Thirdly he claims that science is only done with peer review. Peer review is merely a way to enforce conformity. Newton, Maxwell, Darwin, Einstein and even Murry Gell-Mann produced important scientific works which were not peer reviewed. Gell-Mann's "The Eight-fold Path" was the most important particle physics paper ever published, yet it never was actually published. It just circulated. At some point I will post a post on the stupidity of peer review and consensus group think of the sheeple scientific community, but one example will suffice. This is what peer review did for a couple of Nobel prize winning papers.

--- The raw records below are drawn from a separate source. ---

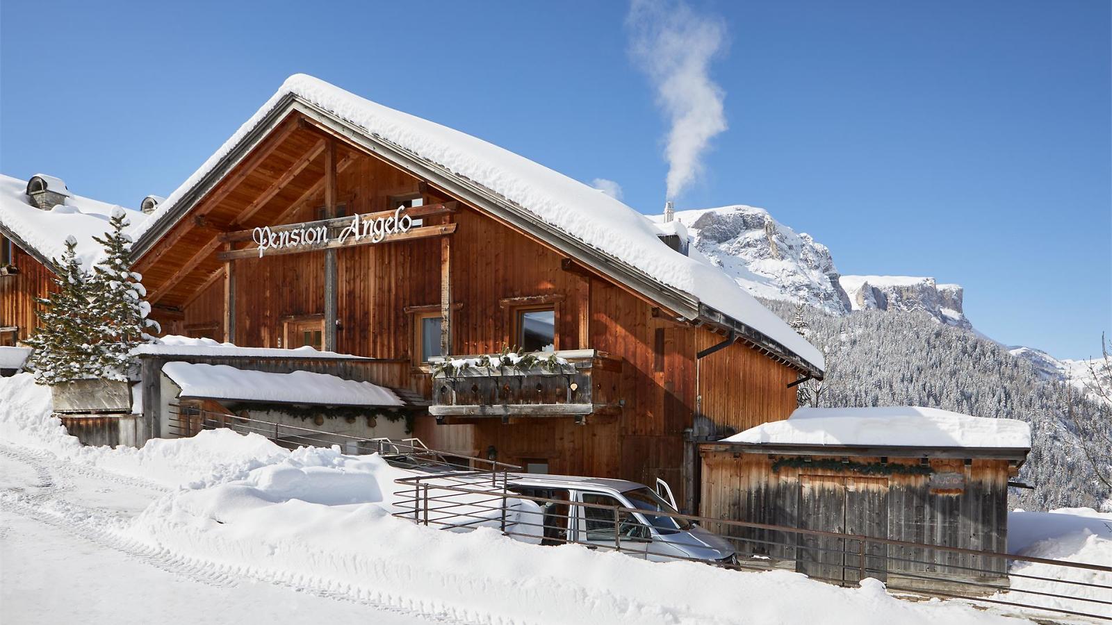 Our Pension Angelo is located in the idyllic mountain village of Corvara in Alta Badia. Here in the bed and breakfast Alta Badia, every day begins with a dreamlike 360° panorama of the Dolomite peaks. In summer, you can take long walks in the greenery following the hiking and biking trails, while in winter the ski slopes are just a stone's throw away thanks to the ski lift.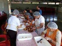 Voluntárias fazendo doces para a festa de Santa Rita de Cássia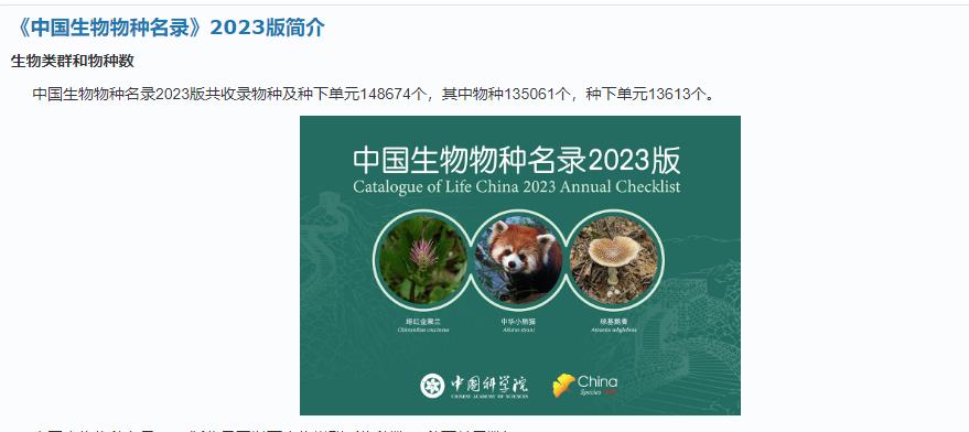 5月22日“国际生物多样性日”当天,中科院生物多样性委员会在线发布了《中国生物物种名录》2023版。据“物种2000中国节点”官网介绍,较2022版,2023版名录新增10027个物种和354个种下单元。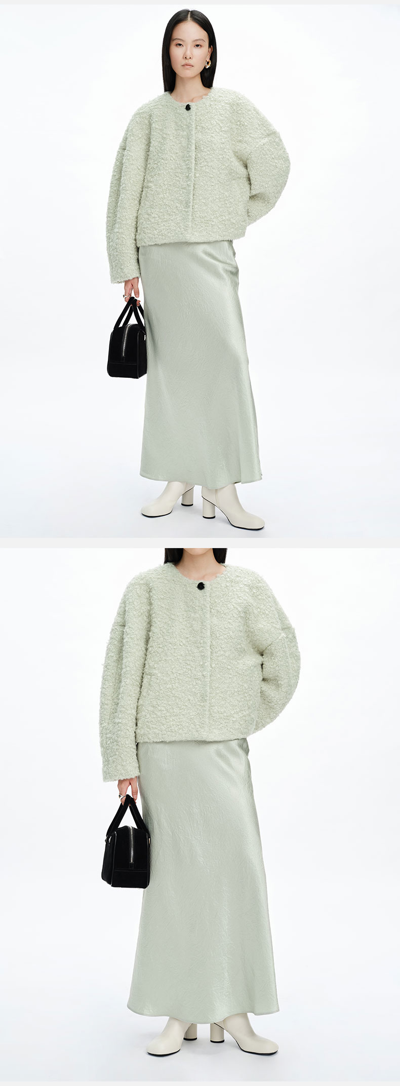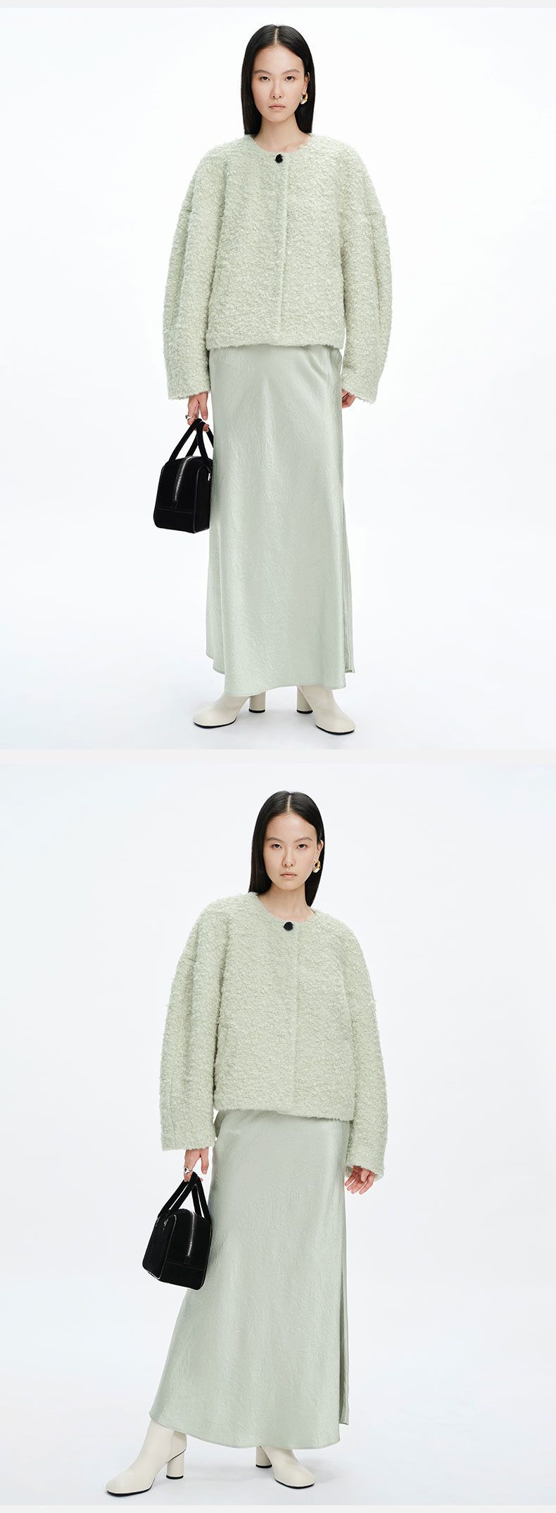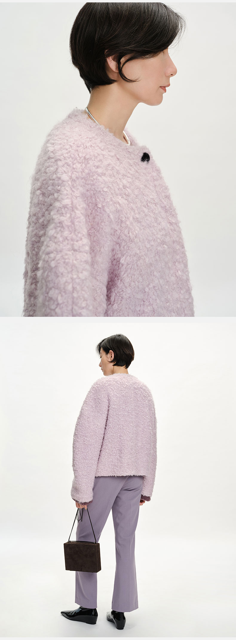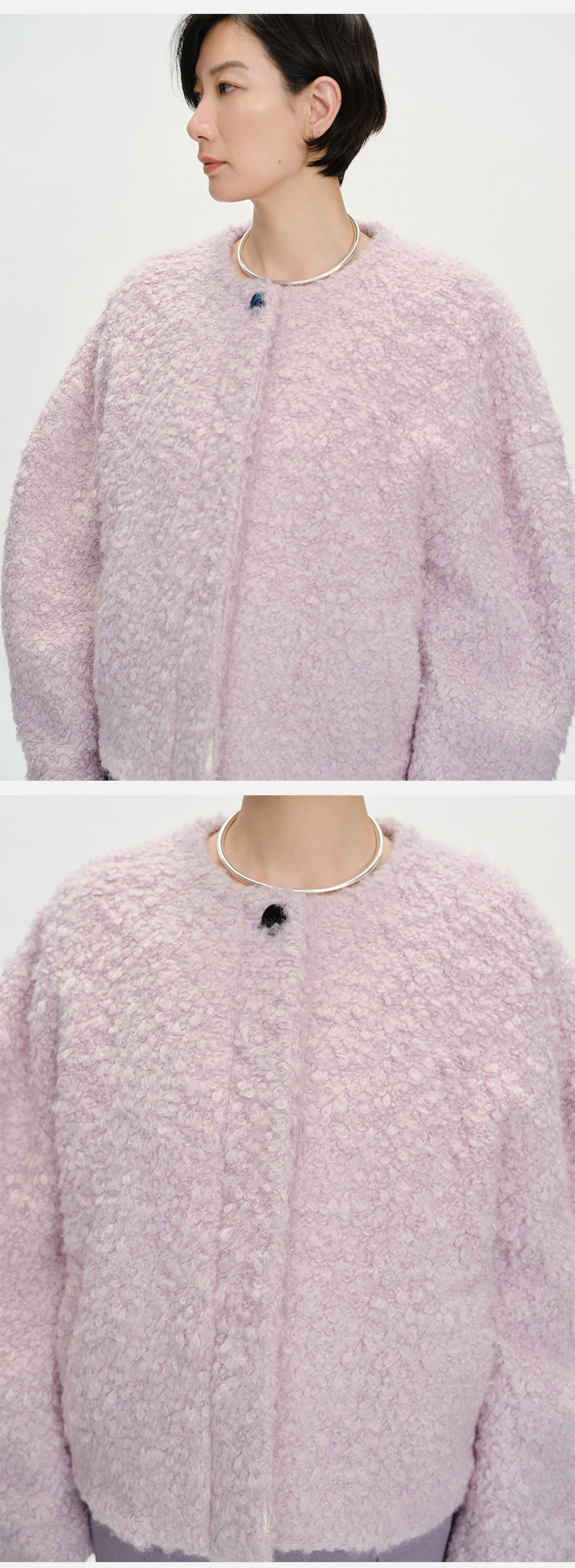 HIDEMI 圈圈马海毛廓形袖极简短大衣 水杉绿/浪漫紫

"One example is Rosalyn Yalow, who described how her Nobel-prize-winning paper was received by the journals as follow: 'In 1955 we submitted the paper to Science...the paper was held there for eight months before it was reviewed. It was finally rejected. We submitted it to the Journal of Clinical Investigations, which also rejected it.' Another example is Gunter Blobel, who in a news conference given just after he was awarded the Nobel Prize in Medicine, said that the main problem one encounters in one's research is 'when your grants and papers are rejected because some stupid reviewer rejected them for dogmatic adherence to old ideas." According to the New York Times, these comments 'drew thunderous applause from the hundreds of sympathetic colleagues and younger scientists in the auditorium." Frank Tipler, "Refereed Journals," in William Dembski editor, Uncommon Dissent, (Wilmington Delaware: ISI Books, 2004), p. 118

Another Nobel prize winning work was rejected because --well see below

“Glaser realized that charged particles shooting through a superheated liquid will create a disturbance and trigger the boiling process as they ionize the atoms of the liquid along their paths. For a fraction of a second, a trail of bubbles will form where a particle has passed, and this trail can be photographed. But you must act quickly, or the whole liquid will begin to boil violently. Glaser therefore planned to release the pressure and then immediately restore it. Particles entering the liquid during the critical moments of low pressure would leave trails that could be photographed. The immediate restoration of pressure would mean that the liquid was once again just below boiling point, and the whole process could be repeated.”
In the autumn of 1952, Glaser began experiments to discover if his 'bubble chamber' would work. After thoroughly considering possible liquids, he chose to use diethyl ether. With a small glass vessel holding just 3 centilitres of the liquid, he successfully photographed the tracks of cosmic rays. But he faced an uphill battle in developing his invention. He was refused support by the US Atomic Energy Commission and the National Science Foundation. They said his scheme was too speculative. And his first paper on the subject was rejected on the grounds that it used the word bubblet', which was not in the dictionary. But his luck changed in 1953, when a chance meeting brought the bubble chamber to fruition.
“Glaser's first talk on his idea was to be given on the last day of the American Physical Society's meeting in Washington DC in April 1953. Among the participants at the meeting was Luis Alvarez, a distinguished physicist.”
Frank Close, Michael Marten, and Christine Sutton, The Particle Odyssey,” (Oxford: Oxford University Press, 2002), p. 92-93

I would note that J. Tuzo Wilson's paper, the one which revived continental drift was rejected by the major journals and had to be published in an obscure journal that had less stringent standards. Peer review does too much harm to be taken seriously as an arbitor of truth. In the spirit of this post, peer review seems to be a mechanism to maintain scientific noise and reject scientific truth.

Yes, Rich, let's hear it for consensus peer review, a process that can't even recognize Nobel Prize quality work!


  1. "{start of G. Simons' note}"

    I can't say that I disagree with anything he had to say. He did, however, say it much better than I or woox did.

  2. Huh? He agrees with my positon. Maybe you should read it again.